■ HOW TO COMPLETE THIS TASK: Would you retype, word for word, only the lines from the one holding "Мозаїка 3в1, на" through the final line of the entries below, without the pictures?

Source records
[Start of section]

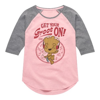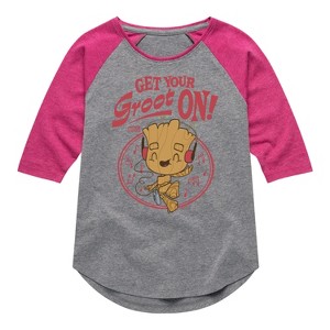 Girls' - Marvel - Guardians of the Galaxy Get Your Groot On Shirt Tail Raglan Graphic T-shirt
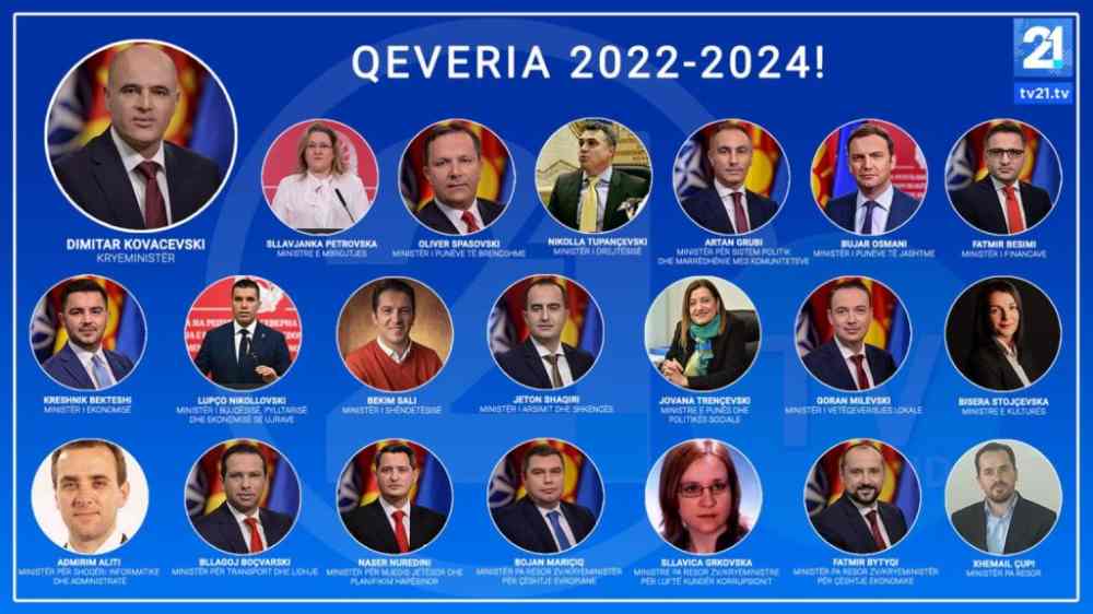 Qeveria e re e Maqedonisë së Veriut, e cila udhëhiqet nga kryeministri Dimitar Kovacevski, i ka 10 ministra shqiptarë, përfshirë këtu ministrin e Jashtëm, të Arsimit, Shëndetësisë, Financave, Ekonomisë, etj., raporton Front Online.
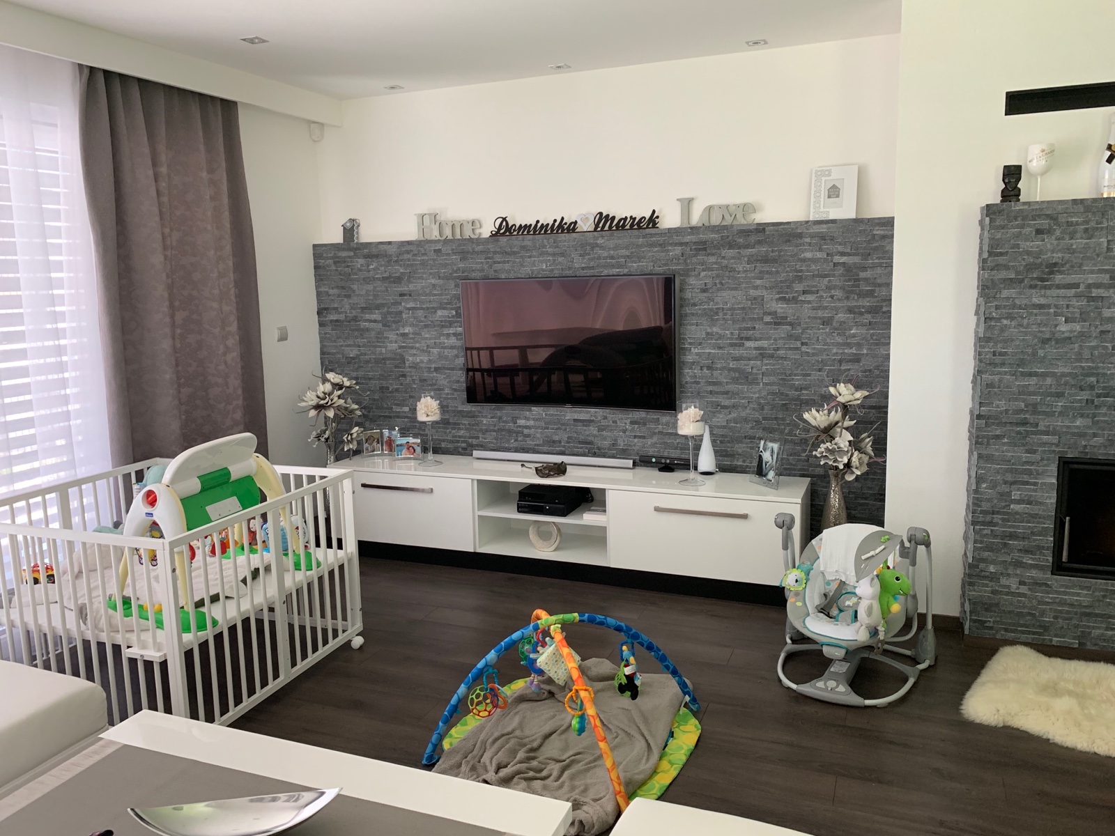 Preto aj ako prve sme začali obývať túto miestnosť a kedže tv je pre nás celkom doležitý prvok, kedže každá mamička vie že jednoducho bez TV je naozaj tažké v domácnosti umyť čo i len pohár od džúsu (🍷). Alebo jednoducho manžel počas voĺna zaplne PLAYSTATION🔊 a GTA alebo NFS (a ja ked deti spia tak Simsa🤣🙄) .
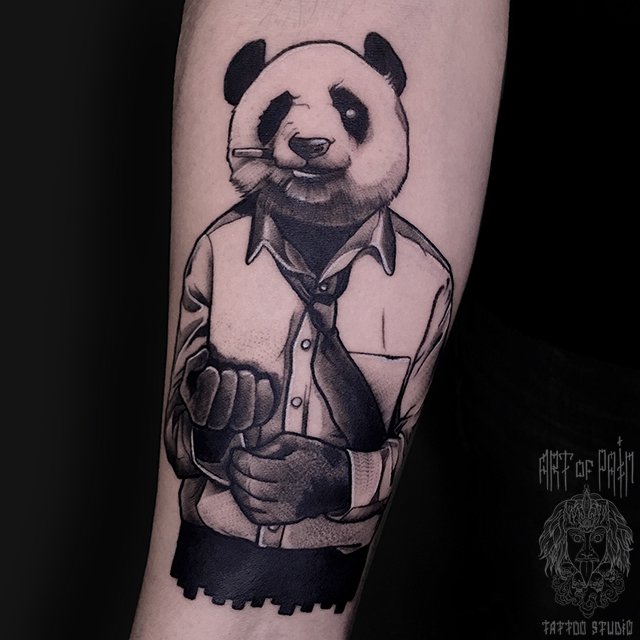 Татуировка мужская графика на предплечье панда (Анастасия Юсупова) 3385
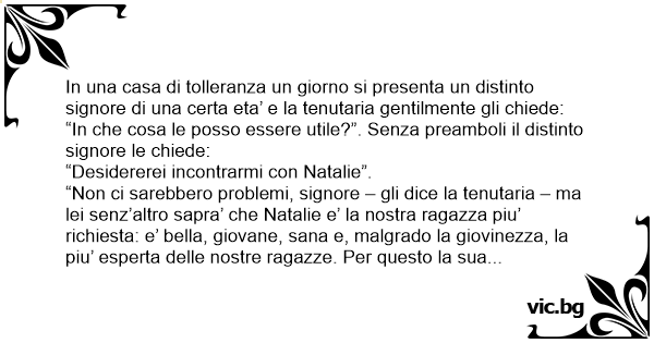 “Perbac co, e’ rimasto contento della nostra Natalie. Mai nessuno pero’ era venuto due volte di seguito per cercare di lei. Complimenti”. Il tizio si apparta di nuovo per un paio d’ore, paga i suoi 1000 euro e tranquillo e soddisfatto se ne va. Il giorno dopo per la terza volta il signore si presenta e richiede di Natalie. Consuma, paga e sta per andar via quando la padrona lo ferma amichevolmente e gli chiede:
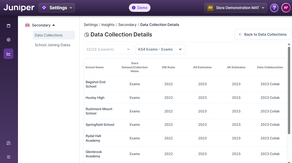 Once published, check the Data Collection Management area in the MAT Dashboard again (mentioned above) to ensure the school has pulled through.
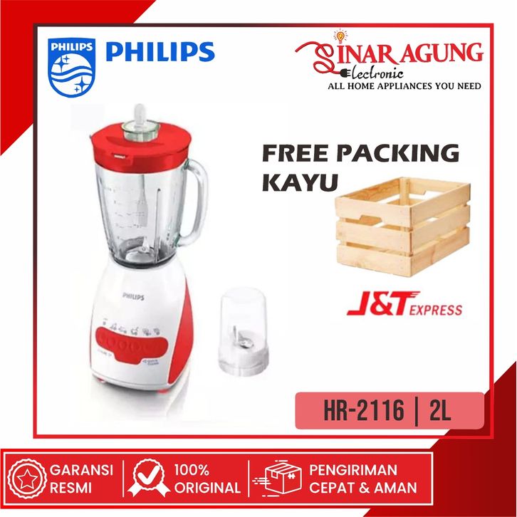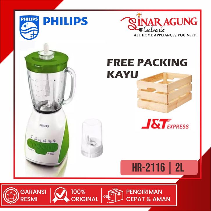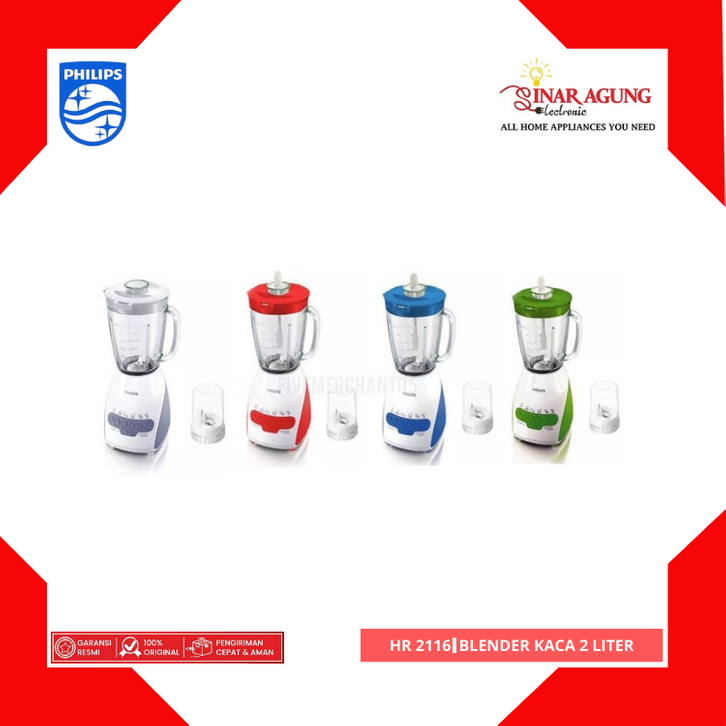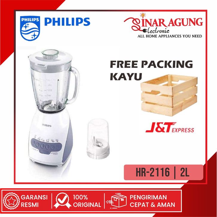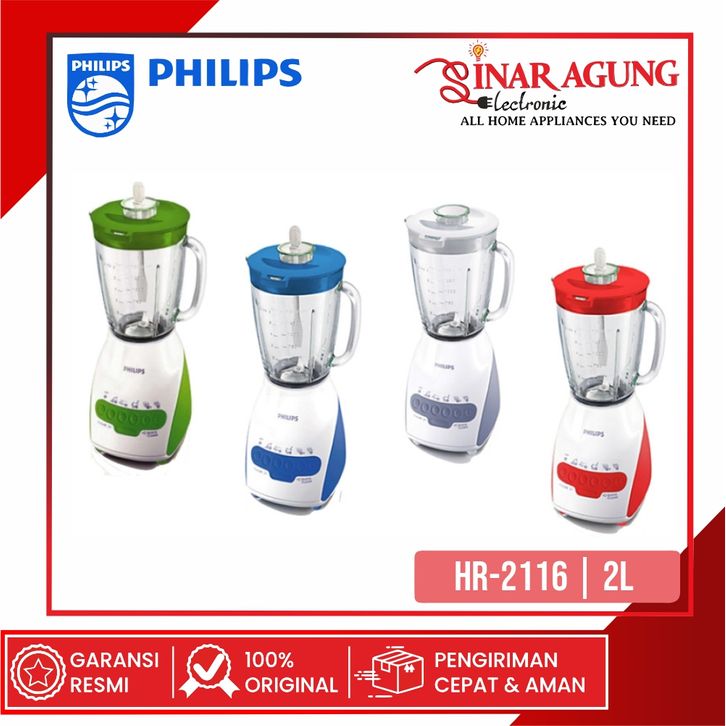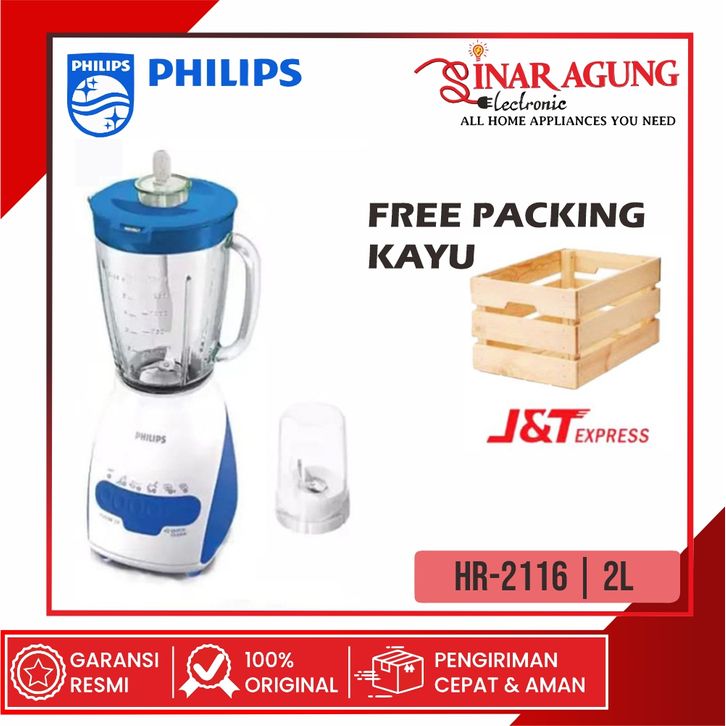 PHILIPS BLENDER HR 2116 2 IN 1 / HR2116 2 LITER 350 WATT KACA PHILIP MIXER TERMURAH OFFICIAL STORE
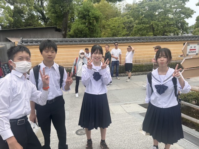 金閣寺に到着した班と出会いました。見応えがあったようで、とても満足した表情をしています。
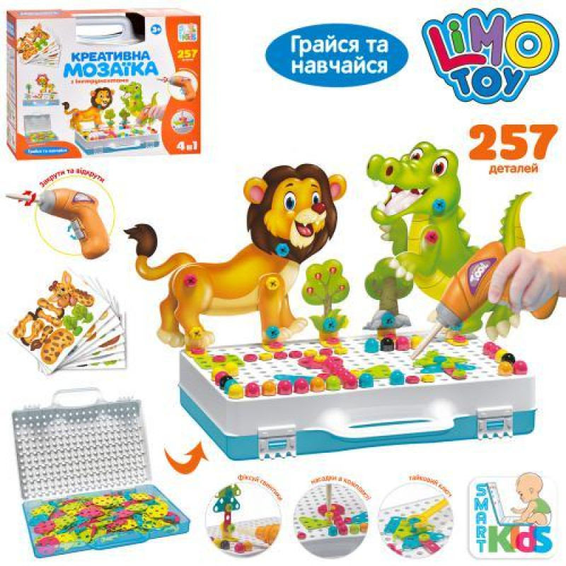 Мозаїка 3в1, на шурупах, LIMO TOY шуруповерт, 249дет, на бат., у валізі, в карт.вертці, 31*24,5*6,5см..
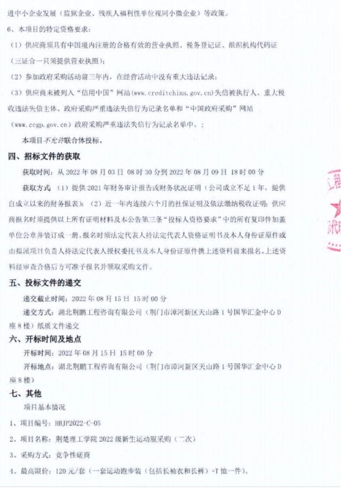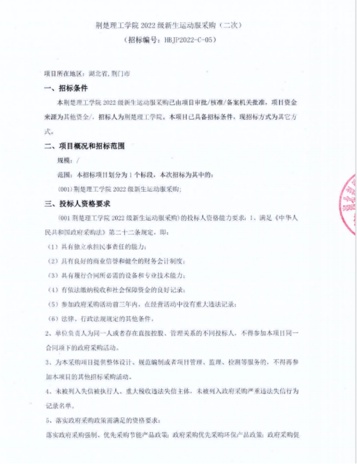 开云kaiyun官方网站2022级新生运动服采购项目招标公告(二次)(推送)

[End of section]

■ ANSWER BELOW:
 Мозаїка 3в1, на шурупах, LIMO TOY шуруповерт, 249дет, на бат., у валізі, в карт.вертці, 31*24,5*6,5см..
 开云kaiyun官方网站2022级新生运动服采购项目招标公告(二次)(推送)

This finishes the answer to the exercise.